Um drei Uhr in der Früh am nächsten Tag brechen wir auf. Auf 5.000 Meter zerrt das Sturmgemisch aus Schnee und Hagel unsäglich an den Kräften. Die Sicht beträgt wenige Meter, Eiskristalle auf der Brille. Vornüber gebeugt versuchen wir dem Wind standzuhalten. Die Kälte zieht durch Mark und Bein. 5.200 Meter, eine vierköpfige Gruppe kommt uns von oben entgegen. „Touristen“ nennen Russen diesen Menschenschlag, der durch Anspruchslosigkeit und extreme Belastungen dem kommunistischen System gegenüber stillen Protest äußerte. Man erkennt sie an den überladenen mannshohen Leinenrucksäcken, die wie Folterinstrumente anmuten, und dem improvisierten gespenstischen Sonnenschutz. Wir kehren um.

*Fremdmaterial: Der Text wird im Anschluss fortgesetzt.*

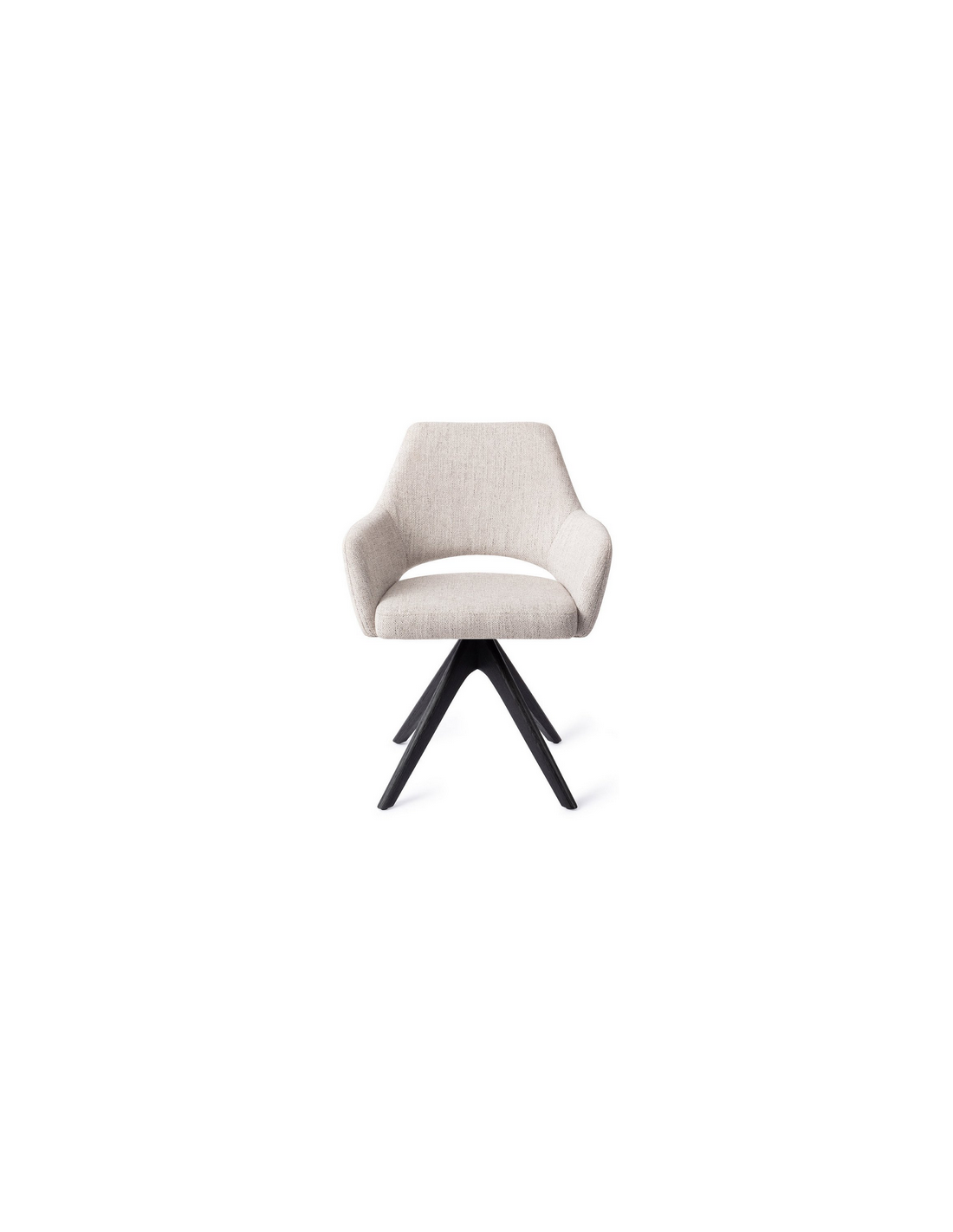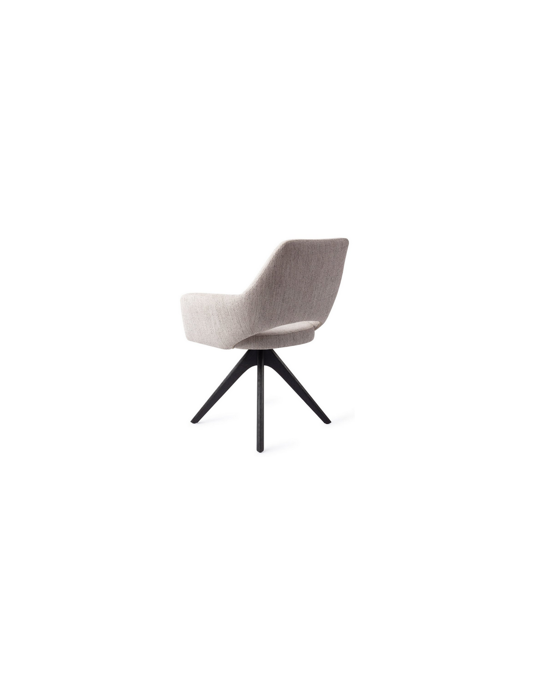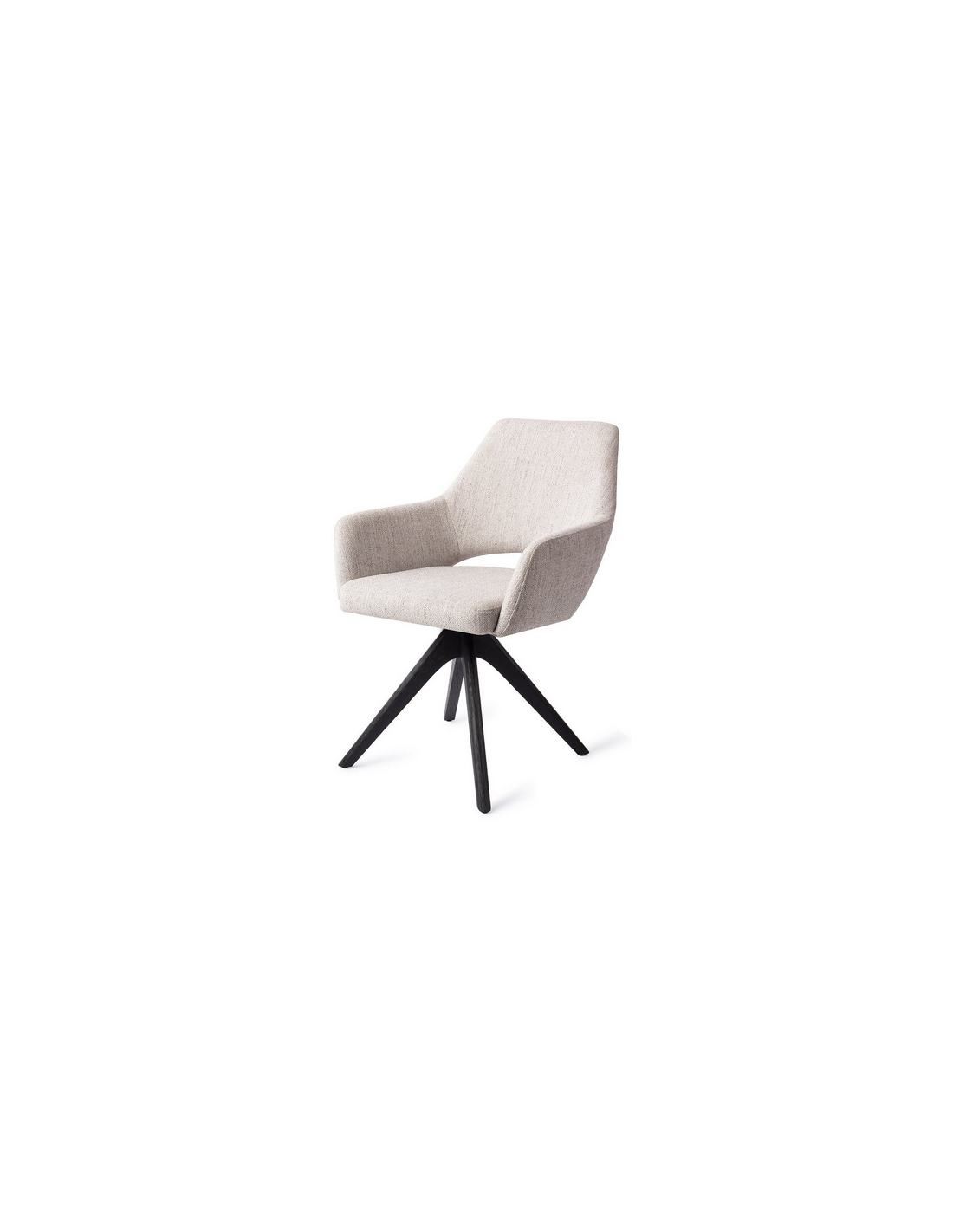 YANAI Spisebordsstol med armlæn og drejefod, udført i et moderne design med stel i sortlakeret egetræ og sæde i lysegrå polyester. Stolen måler 83 cm i højden over ryggen og med siddehøjde på 49 cm.

Speiseeis auf 3.600 Meter Höhe

In Karabaschi sind inzwischen die Teilnehmer einer Massenbesteigung, der „Elbrussiade“ der Armee eingetroffen. Es geht laut und lärmend zu. Das Unternehmen wird gesponsert von der Aktiengesellschaft „Cholod &ndash“ (Kälte &ndash) aus Pjatigorsk, wo sich Russlands Adel duellierte, um anschließend Verse zu schmieden. Cholods Mitarbeiter laufen mit Gefriertaschen herum und verteilen Speiseeis auf 3.600 Meter. Überhaupt geht es lustig zu. Erst gegen Mitternacht, pünktlich zu unserem zweiten Aufstieg, kippt der letzte singende Barde, vom Wodka hingerafft, vom Hocker.

Wieder 5.000 Meter. Die Luft wird knapp. Angst- und Euphoriegefühle wechseln in Bruchteilen von Sekunden. Die Beine schwer wie Blei. Der Blick hängt steif an den Füßen des Führers, der sich immer weiter entfernt. 5.200 Meter, jeder Schritt ein Willensakt, der Fuß kreist, bevor er Tritt fasst. Nur nicht daneben treten. Es ist hier nicht steil, aber die Kraft würde fehlen, sich wieder aufzurichten. Nur noch die körperlichen Basisfunktionen scheinen zu funktionieren. Der Kopf führt ein dumpfes Eigenleben, das Zeitgefühl schwindet. Schwindel. Es ist bitter kalt gegen 4.30 Uhr. Dennoch hinlegen und ausruhen, auf die Schneefrau warten, deren Kuss von allen Strapazen befreit? Sie soll rothaarig sein, hatte man im Tal erzählt ... Von weit, weit her meldet sich ein Fünkchen Verstand. Ich torkele und stake auf die Stöcke gestützt weiter und flehe bei jedem Schritt um Gnade. 5.300 Meter, der Kopf ist viereckig und steckt im Schraubstock, das Gehirn sucht durch die Ohren das Freie. 5.424 Meter, Pause. Zwischen den Gipfeln fingere ich die Tüte mit Walnüssen aus dem Rucksack. Ich stelle mich an wie ein Kleinkind, das die Motorik noch nicht beherrscht. Die Nüsse rutschen über das Gletschereis, endlos lange, bis sie in einer Spalte verschwinden, gefolgt von meinem Handschuh ...

Einziger Trost: Norgey Tensing, der legendäre Sherpa, der mit Edmund Hillary als erster den Mount Everest bezwang, litt auch an der Höhenkrankheit, als er 1963 aus dem Stand den Elbrus hinaufhüpfen wollte. Der Berg treibt mit jedem sein Spiel.